#### Task directions
With the images removed, write out each record exactly as given.

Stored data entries
------

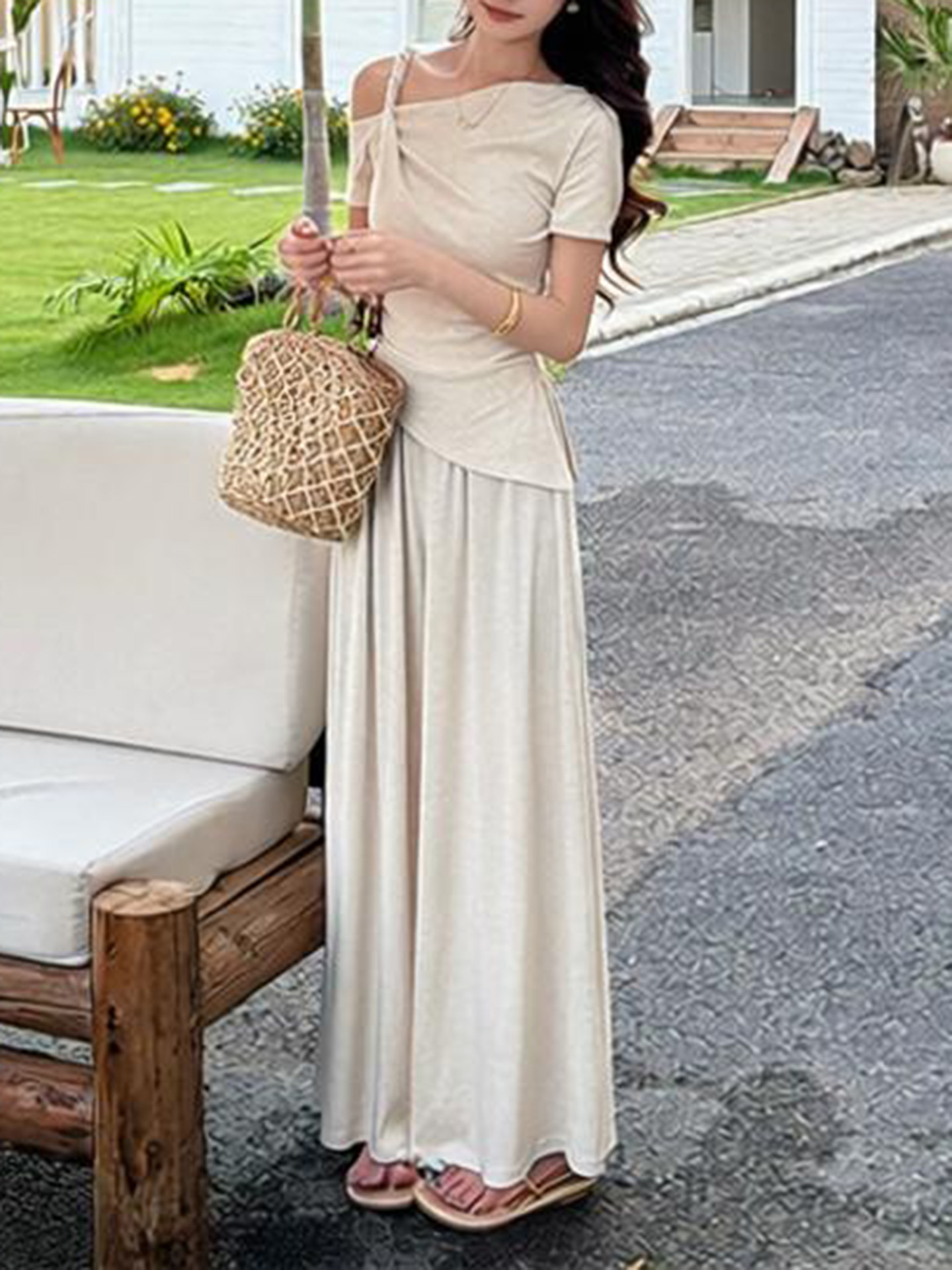 경관 그림 2026 여름 새로운 느긋한 세련된 슬림해 보이는 오프숄더 불규칙 밑단 맨위 와이드 레그 팬츠 투피스 세트
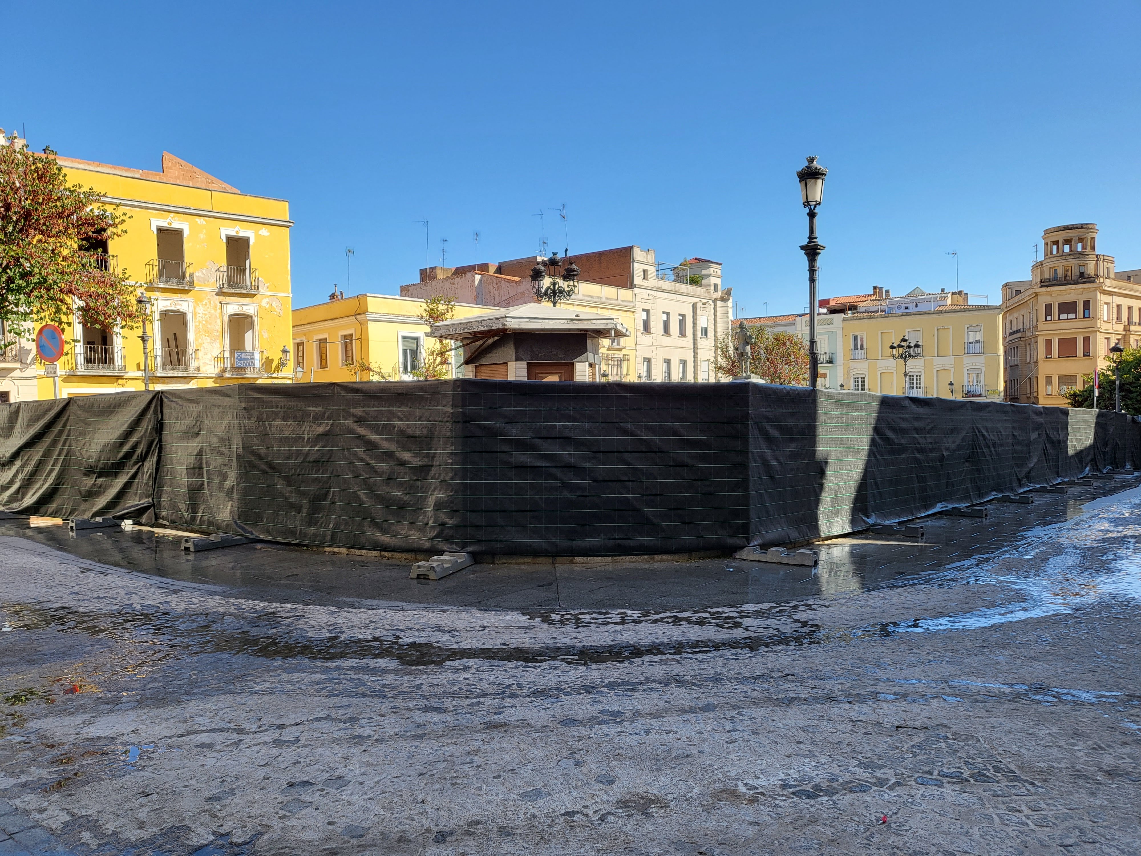 Tranquilos, el empedrado portugués está a salvo, creo. Esta plaza olvidada por propios y extraños esta tapada como si en su interior se hiciera algo que es mejor no verlo, pues sino, no tiene sentido ese hermetismo.
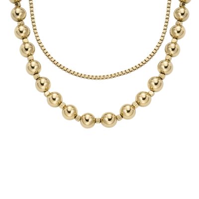 All Stacked Up Gold-Tone Stainless Steel Beaded Necklace
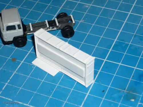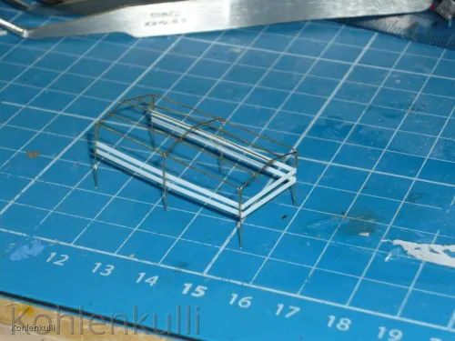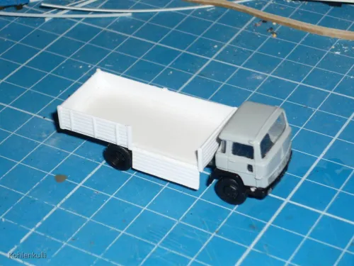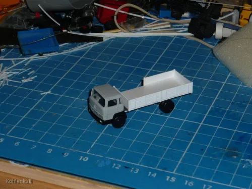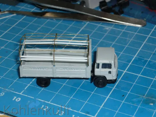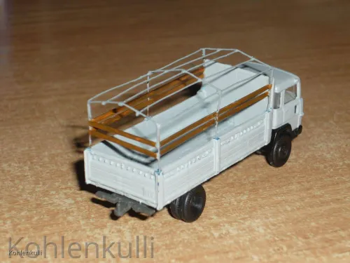 Die Pritsche ist vom RK-MAN und jeweils in der Länge und Breite gekürzt. Da mir die RK-Plane zu wuchtig dafür erschien, kan ich auf die Idee, selber eine zu bauen, und damit fingen die Probleme an. Der Spriegel ist aus 0,3 mm Draht zusammengeklebt und 2 x 0,4 mm PVC-Streifen bilden die Bretter nach. Die Plane ist aus einer Lage Tempo, welche mit Holzleim eingestrichen wurde.
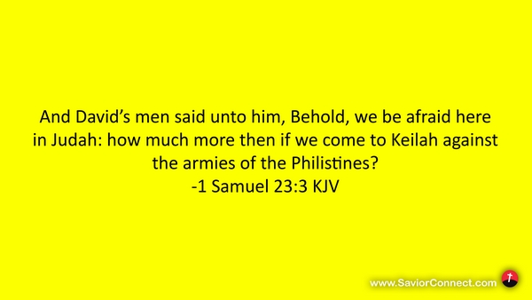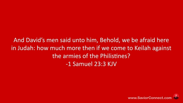 And David's men said unto him, Behold, we be afraid here in Judah: how much more then if we come to Keilah against the armies of the Philistines? -1 Samuel 23:3 KJV
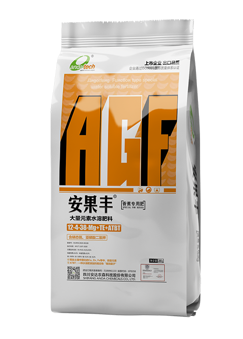 12-4-38+Mg+TE+ATBT 包装规格 20kg/袋 1、香蕉专用肥是针对香蕉的需肥特点,配置的专用配方; 2、释放土壤中固化元素:本品可增强土壤的通透性,改善作物的根系环境,释放土壤中固化的Ca,Zn,Fe等中、微量元素。 3、ATBT:特别添加安达农森自主研发的水溶肥增效因子,肥效更强劲; 4、富含硝态氮:全水溶、易吸收、增产增收; 5、膨果转色增甜:专用高钾配方增加糖度,提高光合作用积累产物,促进香蕉迅速膨大。添加亚磷酸二氢钾,能有效诱导作物持续产生对有害真菌、细菌的抗病能力,有效提高作物免疫力。

------

#### Solution
 경관 그림 2026 여름 새로운 느긋한 세련된 슬림해 보이는 오프숄더 불규칙 밑단 맨위 와이드 레그 팬츠 투피스 세트
 Tranquilos, el empedrado portugués está a salvo, creo. Esta plaza olvidada por propios y extraños esta tapada como si en su interior se hiciera algo que es mejor no verlo, pues sino, no tiene sentido ese hermetismo.
 All Stacked Up Gold-Tone Stainless Steel Beaded Necklace
 Die Pritsche ist vom RK-MAN und jeweils in der Länge und Breite gekürzt. Da mir die RK-Plane zu wuchtig dafür erschien, kan ich auf die Idee, selber eine zu bauen, und damit fingen die Probleme an. Der Spriegel ist aus 0,3 mm Draht zusammengeklebt und 2 x 0,4 mm PVC-Streifen bilden die Bretter nach. Die Plane ist aus einer Lage Tempo, welche mit Holzleim eingestrichen wurde.
 And David's men said unto him, Behold, we be afraid here in Judah: how much more then if we come to Keilah against the armies of the Philistines? -1 Samuel 23:3 KJV
 12-4-38+Mg+TE+ATBT 包装规格 20kg/袋 1、香蕉专用肥是针对香蕉的需肥特点,配置的专用配方; 2、释放土壤中固化元素:本品可增强土壤的通透性,改善作物的根系环境,释放土壤中固化的Ca,Zn,Fe等中、微量元素。 3、ATBT:特别添加安达农森自主研发的水溶肥增效因子,肥效更强劲; 4、富含硝态氮:全水溶、易吸收、增产增收; 5、膨果转色增甜:专用高钾配方增加糖度,提高光合作用积累产物,促进香蕉迅速膨大。添加亚磷酸二氢钾,能有效诱导作物持续产生对有害真菌、细菌的抗病能力,有效提高作物免疫力。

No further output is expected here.